— SUPPLIED DATA —

====================

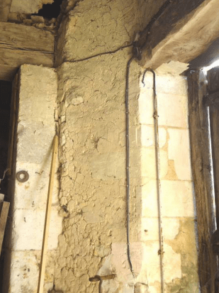 A distance de 106 cm de la joue Est de la poutre ouest se trouve la trace d’un mur en retour d’équerre qui a été démoli. L’angle est continu avec l’enduit du mur nord donc les deux étaient contemporains. Ce retour se prolonge plus haut derrière la solive qui longe le mur nord. Ce qui signifie que le plancher actuel est postérieur à l’existence de ce mur. Autrement dit ce mur a été démoli lorsqu’on a construit le plancher supérieur actuel.
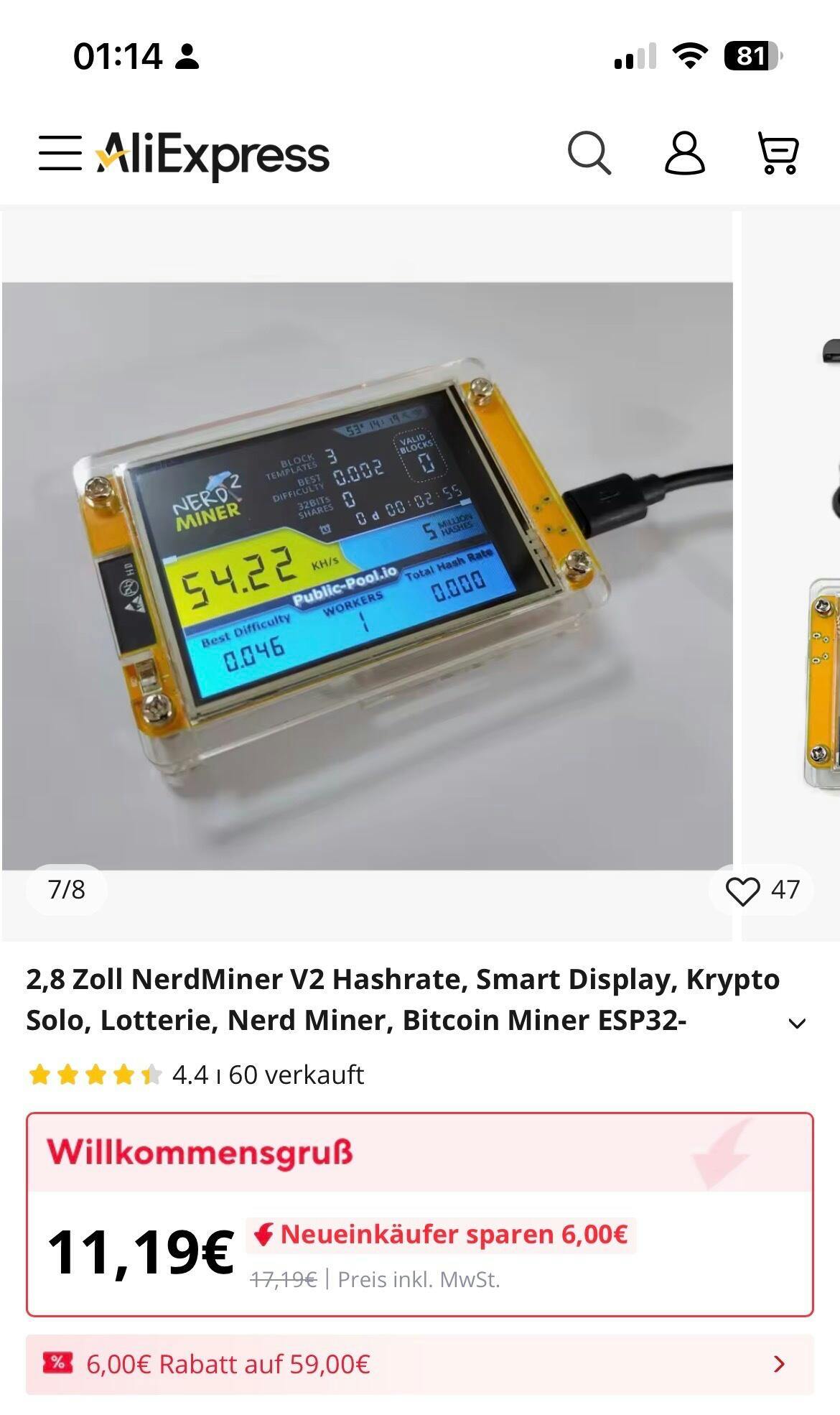 Für weniger als den Preis eines Kaugummis hast du ein Gerät, das lautlos, aber kontinuierlich Chancen auf die 3,125 BTC-Blockbelohnung sammelt – Tag und Nacht.*
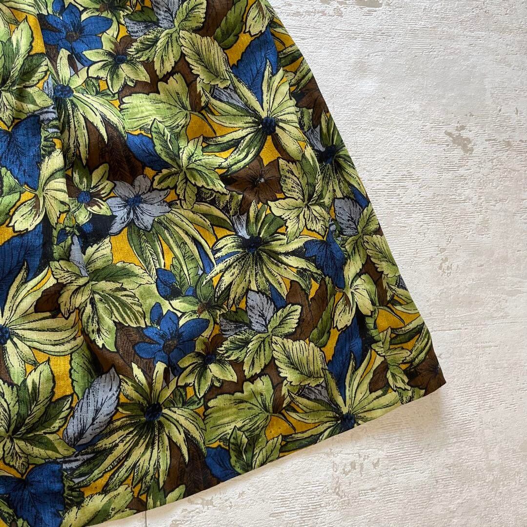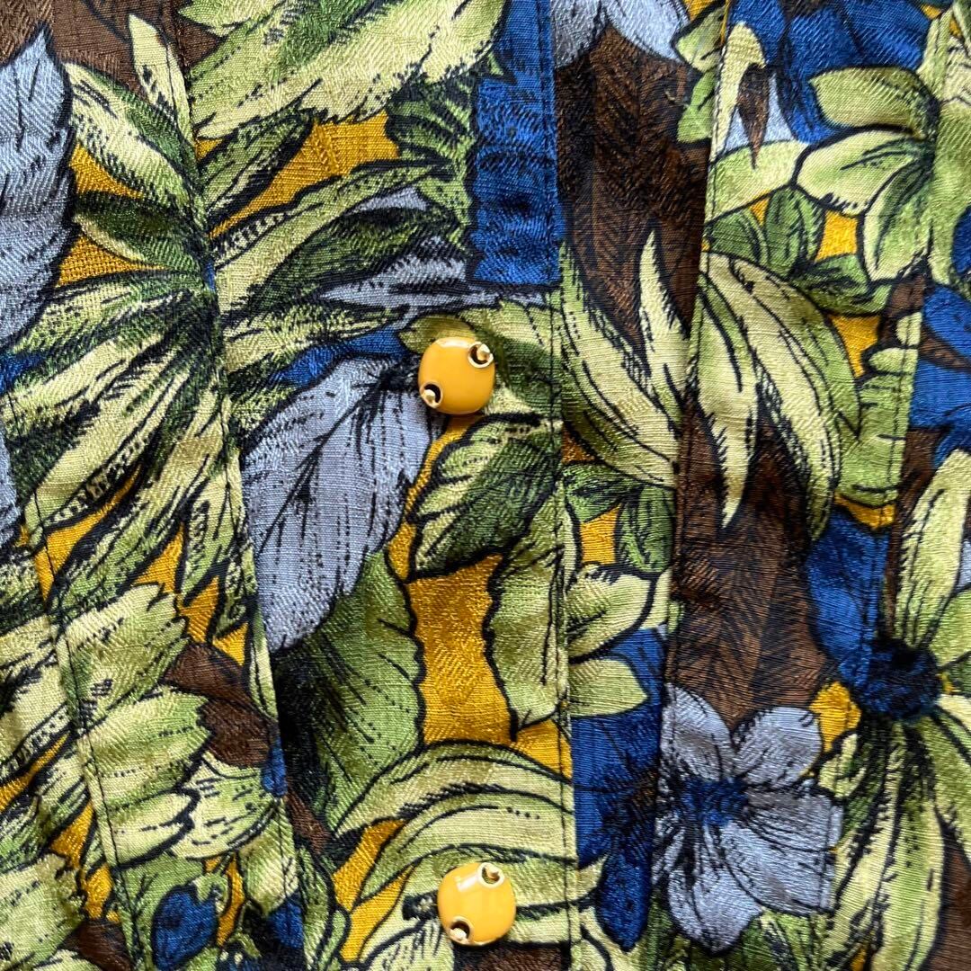 昭和レトロ感漂う花柄ワンピースです。イエローやグリーンを基調に、ブルーやブラウンがアクセントになった落ち着いた配色が魅力。前ボタン仕様で着脱しやすく、ウエスト切替デザインでスタイルをすっきりと見せてくれます。ロング丈なので上品さがあり、大人のレトロコーデにもぴったり。半袖タイプで春夏のお出かけや旅行、イベントにも活躍します。ヴィンテージや古着好きな方、レトロファッションを楽しみたい方におすすめの一枚です。普段着にはもちろん、特別なお出かけにも映えるワンピースです。
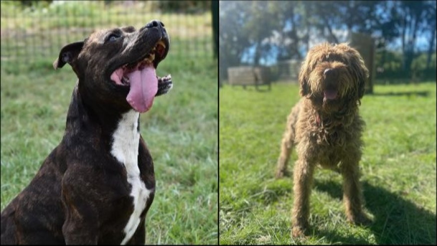 Cette semaine, ce n'est pas un mais deux animaux qui font la une de la rubrique. A gauche, Hélios, un amercian staffordshire terrier non catégorisé âgé de 5 ans arrivé au refuge en juin dernier. Hélios est très gentil, bien dans ses patounes, il est content et a hâte de chaque sortie. Dynamique, il marche bien en laisse, à des bases en éducation, aime se balader, faire de l'agilité et passer du temps avec nous. Il apprécie une vie à l'intérieur avec son confort. Si jardin il y a, il devra être bien clôturé. Il connaît les enfants, s'entend avec certains chiens, en revanche pas de cohabitation possible avec les chats et les autres animaux

====================

— WORK REQUIRED —
The lines running from the one with "昭和レトロ感漂う花柄ワンピー" to the close of the material above are to be retyped exactly; no picture is to be included.

— YOUR RESPONSE —
 昭和レトロ感漂う花柄ワンピースです。イエローやグリーンを基調に、ブルーやブラウンがアクセントになった落ち着いた配色が魅力。前ボタン仕様で着脱しやすく、ウエスト切替デザインでスタイルをすっきりと見せてくれます。ロング丈なので上品さがあり、大人のレトロコーデにもぴったり。半袖タイプで春夏のお出かけや旅行、イベントにも活躍します。ヴィンテージや古着好きな方、レトロファッションを楽しみたい方におすすめの一枚です。普段着にはもちろん、特別なお出かけにも映えるワンピースです。
 Cette semaine, ce n'est pas un mais deux animaux qui font la une de la rubrique. A gauche, Hélios, un amercian staffordshire terrier non catégorisé âgé de 5 ans arrivé au refuge en juin dernier. Hélios est très gentil, bien dans ses patounes, il est content et a hâte de chaque sortie. Dynamique, il marche bien en laisse, à des bases en éducation, aime se balader, faire de l'agilité et passer du temps avec nous. Il apprécie une vie à l'intérieur avec son confort. Si jardin il y a, il devra être bien clôturé. Il connaît les enfants, s'entend avec certains chiens, en revanche pas de cohabitation possible avec les chats et les autres animaux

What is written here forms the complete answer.